Vigilant in maintaining his power, for years Musharraf repressed all voices calling for democratic transformation. For their part democrats in places like Pakistan's Supreme Court were not friends of the West. They did not oppose the Taliban and al-Qaida. Rather their enemies were Musharraf and the US which kept him in power.
Responding to a sudden urge to encourage the forces of democracy in Pakistan, while advocating their abandonment throughout the Arab world, secretary of state Condoleezza Rice compelled Musharraf first to resign as head of the Pakistani military - thus ending his control over the country's jihadist ISI intelligence services and over the pro-jihadist military. Then she forced him to accept open elections, which unsurprisingly, he lost.
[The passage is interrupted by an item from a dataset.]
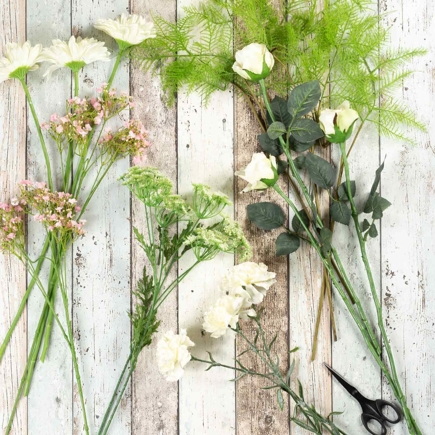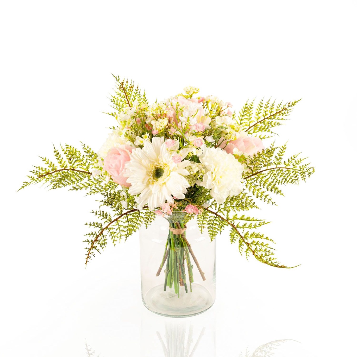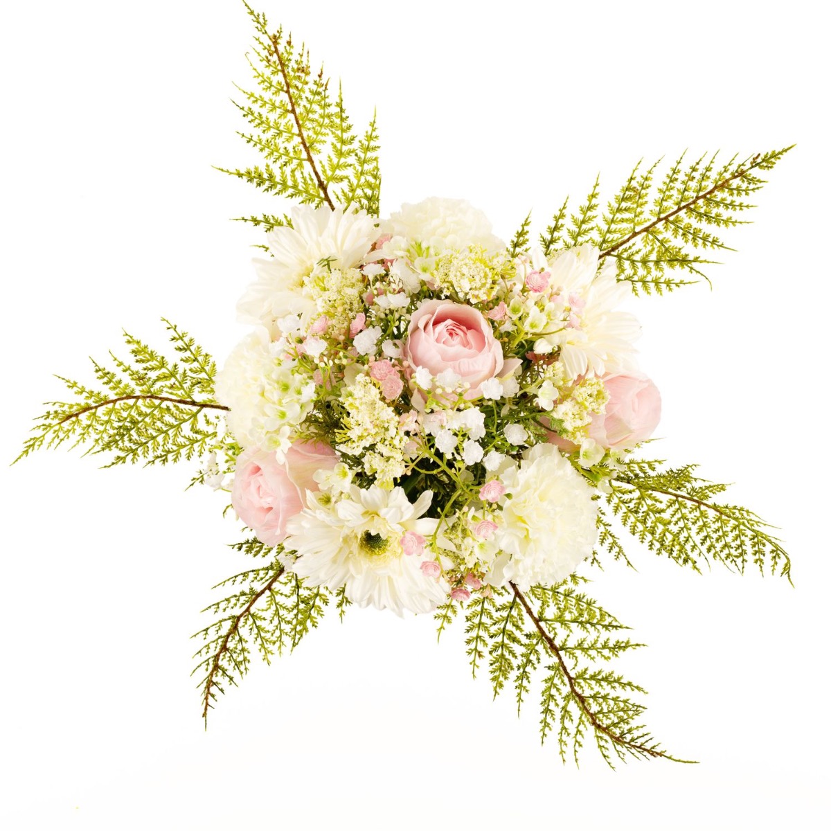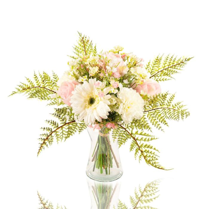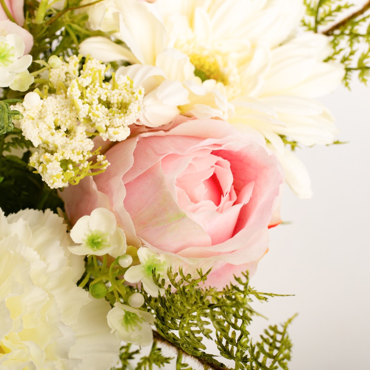 Umělá kytice gerber MALIA růže, hvozdík, bílo-růžová, 40cm, Ø30cm

The democrats who replaced him had absolutely no influence over either the ISI or the military and realized that their power and their very lives were in the Taliban's hands. Consequently, since Pakistan's elections last year, the new government has surrendered larger and larger areas of the country to the Taliban. Indeed, today the Taliban either directly control or are fighting for control over the majority of Pakistani territory. Moreover, the Taliban and al-Qaida have intensified their war in Afghanistan and are making significant gains in that country as well.
This would have been a difficult situation for the US to contend with no matter who replaced George W. Bush in the Oval Office. Unfortunately, due to Obama's stridently anti-Pakistani rhetoric throughout the campaign - rhetoric untethered to any coherent strategy for dealing with Pakistan - the Pakistanis no doubt felt the need to test his mettle as quickly as possible.
For his part, Obama gave them good reason to believe he could be intimidated. By letting it be known that he intended for his special envoy to the region Richard Holbrook's job to include responsibility for pressuring US ally India to reach a peace agreement with Pakistan over the disputed Jammu and Kashmir province in spite of clear proof that Pakistani intelligence was the mastermind of the December terror attacks in Mumbai, Obama showed that he was willing to defend Pakistan's "honor" and so accept its continued bad behavior.
LAST FRIDAY, the Pakistanis tested Obama. The Supreme Court freed Pakistan's Dr. Strangelove - A.Q. Khan - from the house arrest he had been under since his nuclear proliferation racket was exposed by the Libyans in 2004. Through his nuclear proliferation activities, Khan is not only the father of Pakistan's nuclear arsenal - but of North Korea's and Iran's as well.
Khan's release casts a dark shadow on Obama's plan to dismantle much of America's nuclear arsenal, because with him free, the prospect that Pakistan is back in the proliferation business becomes quite real. Already on Sunday Khan announced his plan to travel abroad immediately. For its part, the court in Islamabad specifically stated that Khan is free to resume his "scientific research."
Pakistan's open contempt for the US and its weakness in the face of the Taliban's takeover of the country has direct consequences for the US's mission in Afghanistan - and for its new dependence on Russia. This week the Taliban bombed a bridge on the Khyber Pass along the Pakistani border with Afghanistan that served as a supply line to US forces in Afghanistan. As US Brig.-Gen. James McConville stated in Kabul, the latest attack simply underlines how important it was for the US to resume its shipments through Russia.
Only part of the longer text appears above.